- **ENTRIES SHOWN**
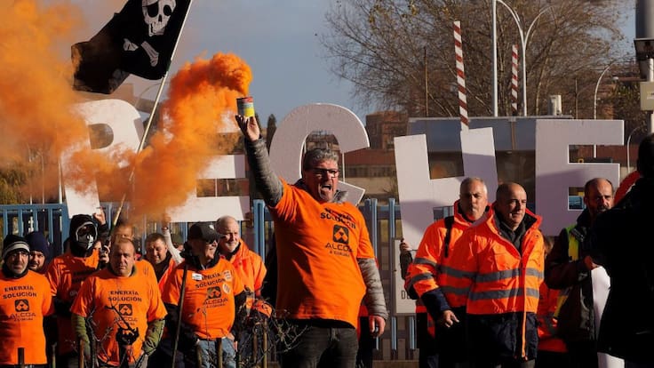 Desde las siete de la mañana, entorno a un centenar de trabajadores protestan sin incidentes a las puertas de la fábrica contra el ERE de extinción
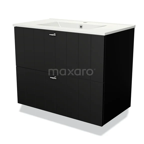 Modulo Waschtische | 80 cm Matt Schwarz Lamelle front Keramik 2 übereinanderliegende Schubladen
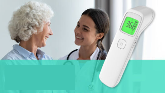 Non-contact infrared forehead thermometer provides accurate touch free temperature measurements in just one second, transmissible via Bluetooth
...
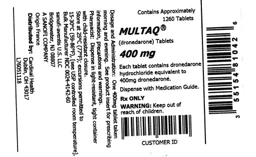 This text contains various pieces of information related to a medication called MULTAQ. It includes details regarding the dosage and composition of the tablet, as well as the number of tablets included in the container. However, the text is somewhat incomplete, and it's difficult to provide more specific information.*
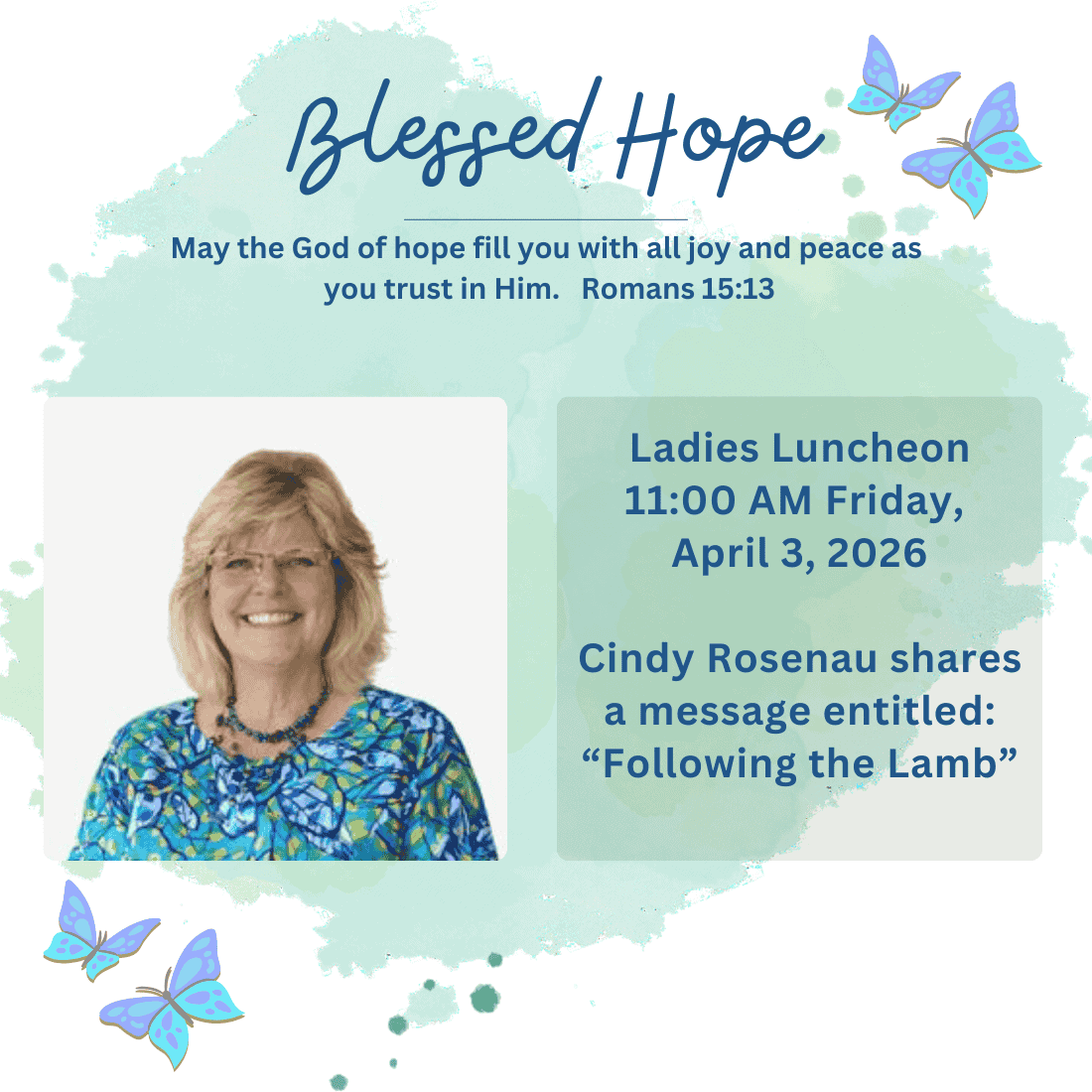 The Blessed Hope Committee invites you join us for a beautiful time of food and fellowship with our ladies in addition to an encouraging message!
==
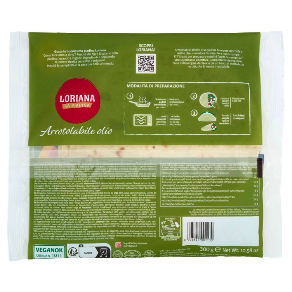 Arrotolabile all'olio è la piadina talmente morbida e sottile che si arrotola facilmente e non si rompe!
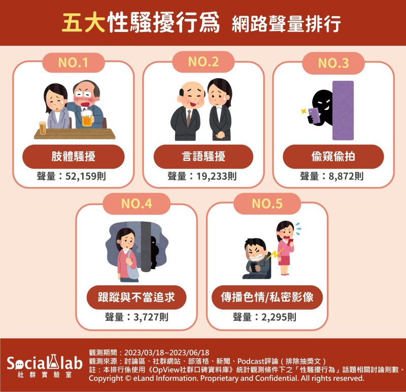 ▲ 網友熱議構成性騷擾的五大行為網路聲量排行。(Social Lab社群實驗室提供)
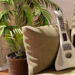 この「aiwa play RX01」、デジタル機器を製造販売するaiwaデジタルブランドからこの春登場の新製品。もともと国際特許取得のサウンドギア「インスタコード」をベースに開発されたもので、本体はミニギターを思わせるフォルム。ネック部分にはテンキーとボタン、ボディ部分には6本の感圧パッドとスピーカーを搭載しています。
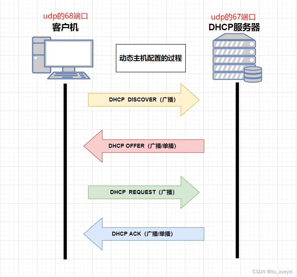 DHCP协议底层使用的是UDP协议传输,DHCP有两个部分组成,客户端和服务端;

- **WORK INSTRUCTIONS**
Write out exactly the run of lines above that starts at the line containing "Desde las siete" and ends at the line containing "Non-contact infrared forehead". Include both, and leave the pictures out.

- **RESULT BELOW**
 Desde las siete de la mañana, entorno a un centenar de trabajadores protestan sin incidentes a las puertas de la fábrica contra el ERE de extinción
 Modulo Waschtische | 80 cm Matt Schwarz Lamelle front Keramik 2 übereinanderliegende Schubladen
 Non-contact infrared forehead thermometer provides accurate touch free temperature measurements in just one second, transmissible via Bluetooth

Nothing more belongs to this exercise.